§ PROBLEM STATEMENT
In the entries below, find the line with "door experts Care" and the line with "xlim = c(0, 25), ylim"; copy them and every line between them exactly, but not the pictures.

§ LISTED ENTRIES
* * * * * * * * *
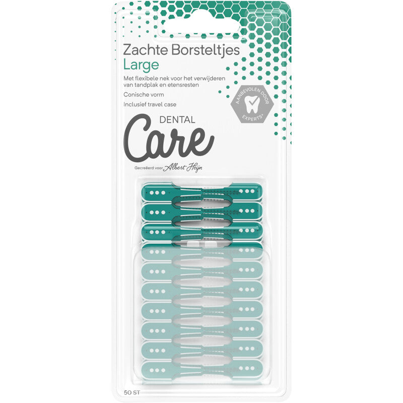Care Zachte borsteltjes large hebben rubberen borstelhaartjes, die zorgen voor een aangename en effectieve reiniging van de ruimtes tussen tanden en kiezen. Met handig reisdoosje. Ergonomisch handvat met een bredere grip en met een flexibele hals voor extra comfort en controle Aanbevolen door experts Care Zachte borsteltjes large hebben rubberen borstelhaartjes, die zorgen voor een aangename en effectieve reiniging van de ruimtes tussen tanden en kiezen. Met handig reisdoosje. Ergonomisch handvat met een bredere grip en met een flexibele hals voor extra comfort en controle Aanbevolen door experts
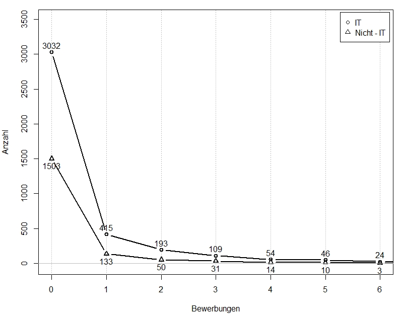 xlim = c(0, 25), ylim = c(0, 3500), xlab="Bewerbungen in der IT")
* * * * * * * * *
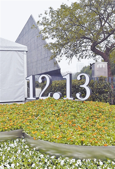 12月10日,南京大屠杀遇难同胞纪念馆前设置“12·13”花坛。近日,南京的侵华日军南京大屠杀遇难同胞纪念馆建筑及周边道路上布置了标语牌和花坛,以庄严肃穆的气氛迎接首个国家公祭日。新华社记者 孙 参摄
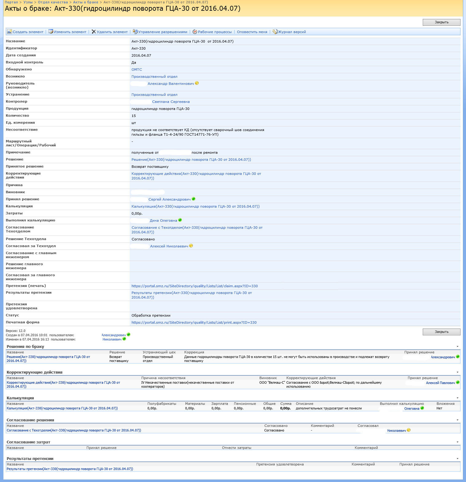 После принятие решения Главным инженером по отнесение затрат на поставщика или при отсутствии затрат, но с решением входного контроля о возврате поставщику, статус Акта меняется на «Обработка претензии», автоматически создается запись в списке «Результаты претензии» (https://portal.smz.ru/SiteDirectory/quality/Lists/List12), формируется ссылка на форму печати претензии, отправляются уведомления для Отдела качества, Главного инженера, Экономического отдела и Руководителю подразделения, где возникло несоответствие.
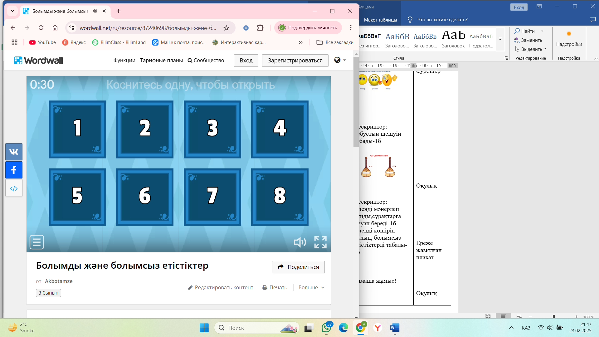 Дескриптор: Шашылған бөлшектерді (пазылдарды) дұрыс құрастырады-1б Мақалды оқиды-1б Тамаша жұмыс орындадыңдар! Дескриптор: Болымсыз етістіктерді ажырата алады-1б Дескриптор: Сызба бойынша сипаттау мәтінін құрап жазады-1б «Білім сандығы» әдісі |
* * * * * * * * *
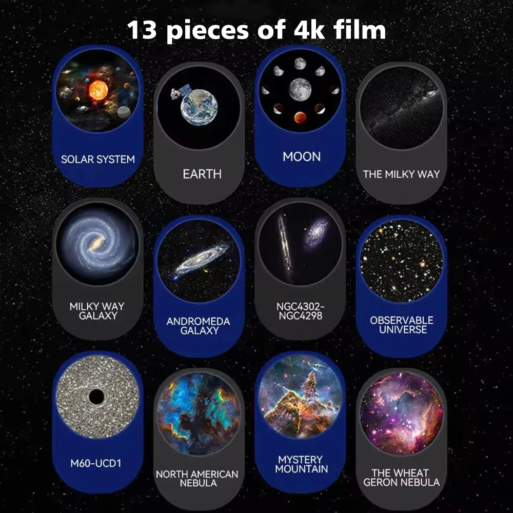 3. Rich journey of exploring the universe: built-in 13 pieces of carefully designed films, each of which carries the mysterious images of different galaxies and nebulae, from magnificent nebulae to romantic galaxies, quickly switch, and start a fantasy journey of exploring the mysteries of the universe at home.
* * * * * * * * *
§ WRITTEN RESPONSE
Care Zachte borsteltjes large hebben rubberen borstelhaartjes, die zorgen voor een aangename en effectieve reiniging van de ruimtes tussen tanden en kiezen. Met handig reisdoosje. Ergonomisch handvat met een bredere grip en met een flexibele hals voor extra comfort en controle Aanbevolen door experts Care Zachte borsteltjes large hebben rubberen borstelhaartjes, die zorgen voor een aangename en effectieve reiniging van de ruimtes tussen tanden en kiezen. Met handig reisdoosje. Ergonomisch handvat met een bredere grip en met een flexibele hals voor extra comfort en controle Aanbevolen door experts
 xlim = c(0, 25), ylim = c(0, 3500), xlab="Bewerbungen in der IT")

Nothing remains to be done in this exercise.